## Data section
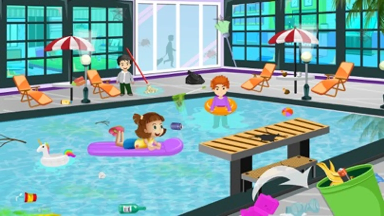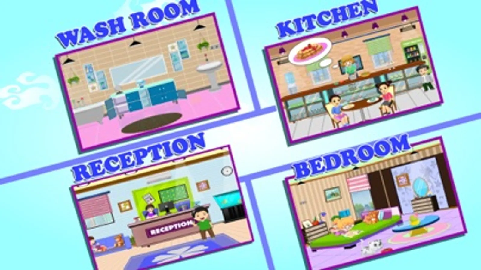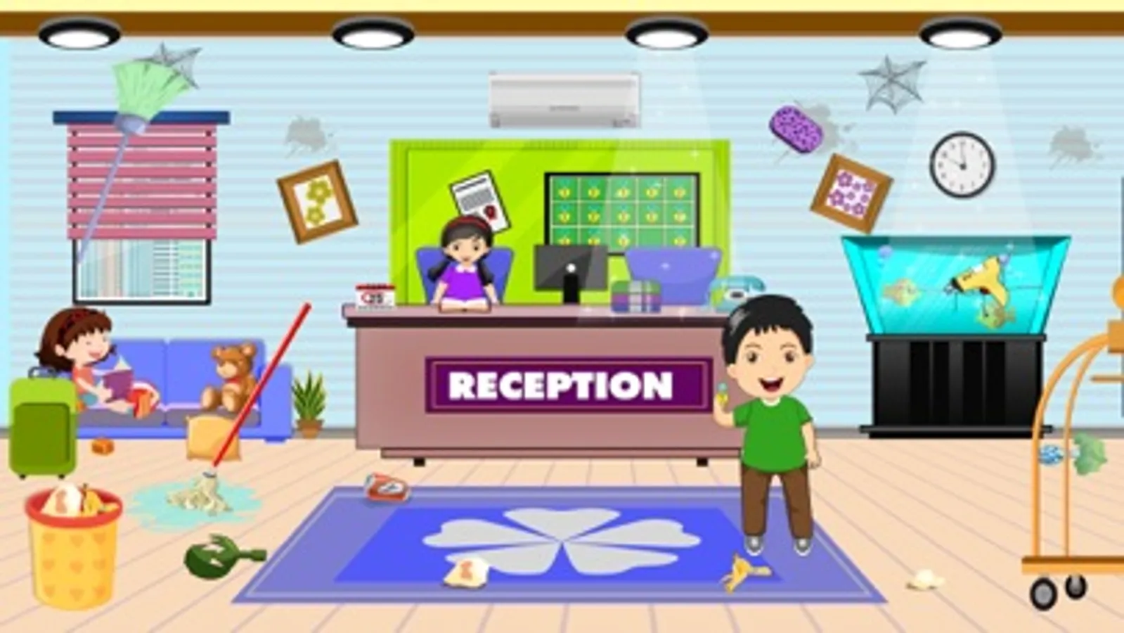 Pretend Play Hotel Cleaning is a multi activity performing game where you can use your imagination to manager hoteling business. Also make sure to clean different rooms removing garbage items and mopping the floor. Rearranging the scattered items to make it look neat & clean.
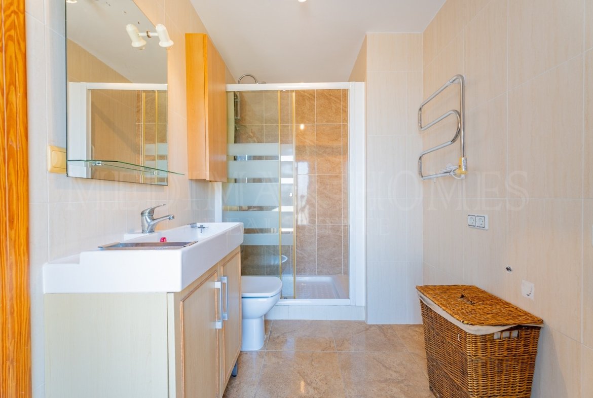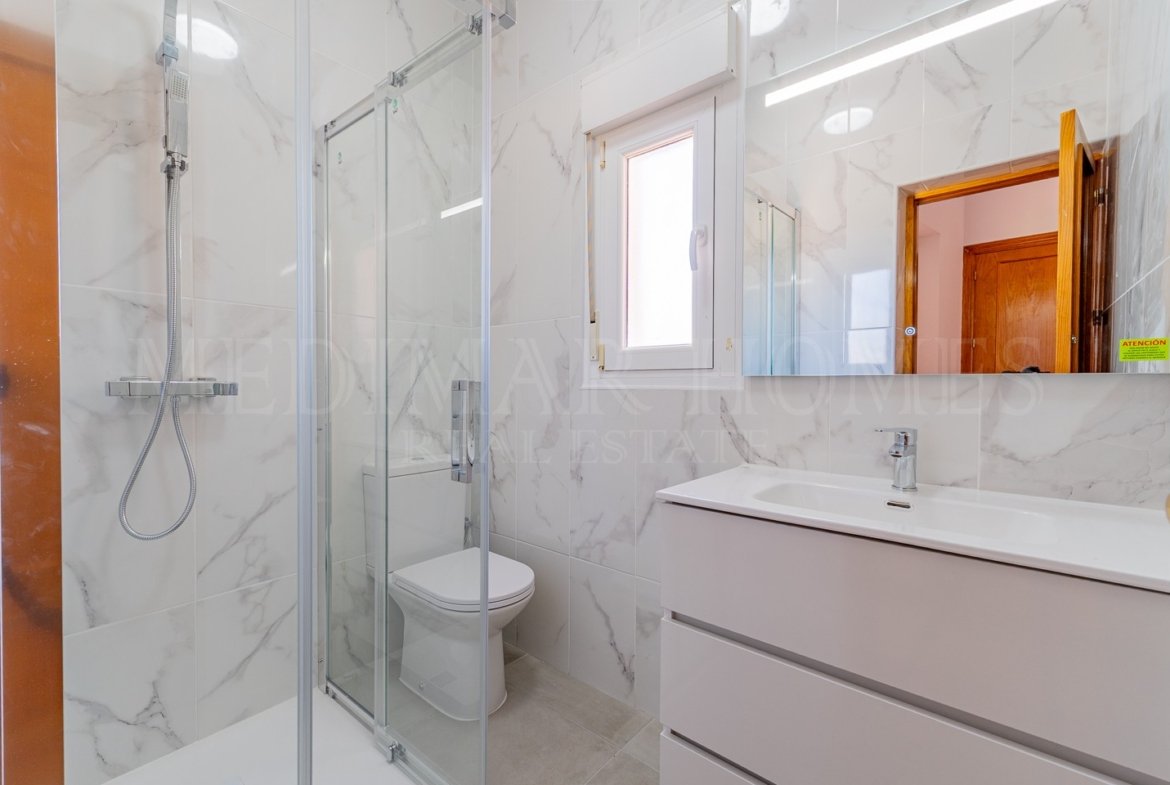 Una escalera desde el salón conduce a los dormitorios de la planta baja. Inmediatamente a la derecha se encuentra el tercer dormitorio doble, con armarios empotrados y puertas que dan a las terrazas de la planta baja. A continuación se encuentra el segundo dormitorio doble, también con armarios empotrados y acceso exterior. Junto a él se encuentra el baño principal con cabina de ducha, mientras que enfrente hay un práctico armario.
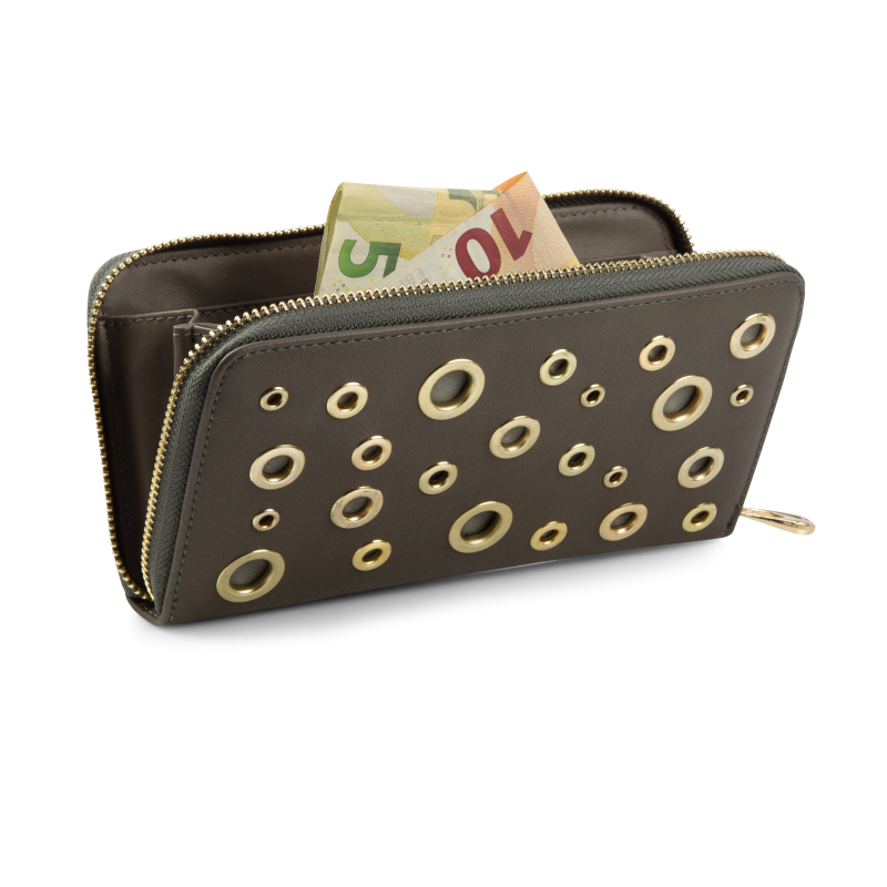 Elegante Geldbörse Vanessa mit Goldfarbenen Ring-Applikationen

## Exercise prompt
Write out the material above exactly, and omit the pictures it holds.

## Output for this exercise
 Pretend Play Hotel Cleaning is a multi activity performing game where you can use your imagination to manager hoteling business. Also make sure to clean different rooms removing garbage items and mopping the floor. Rearranging the scattered items to make it look neat & clean.
 Una escalera desde el salón conduce a los dormitorios de la planta baja. Inmediatamente a la derecha se encuentra el tercer dormitorio doble, con armarios empotrados y puertas que dan a las terrazas de la planta baja. A continuación se encuentra el segundo dormitorio doble, también con armarios empotrados y acceso exterior. Junto a él se encuentra el baño principal con cabina de ducha, mientras que enfrente hay un práctico armario.
 Elegante Geldbörse Vanessa mit Goldfarbenen Ring-Applikationen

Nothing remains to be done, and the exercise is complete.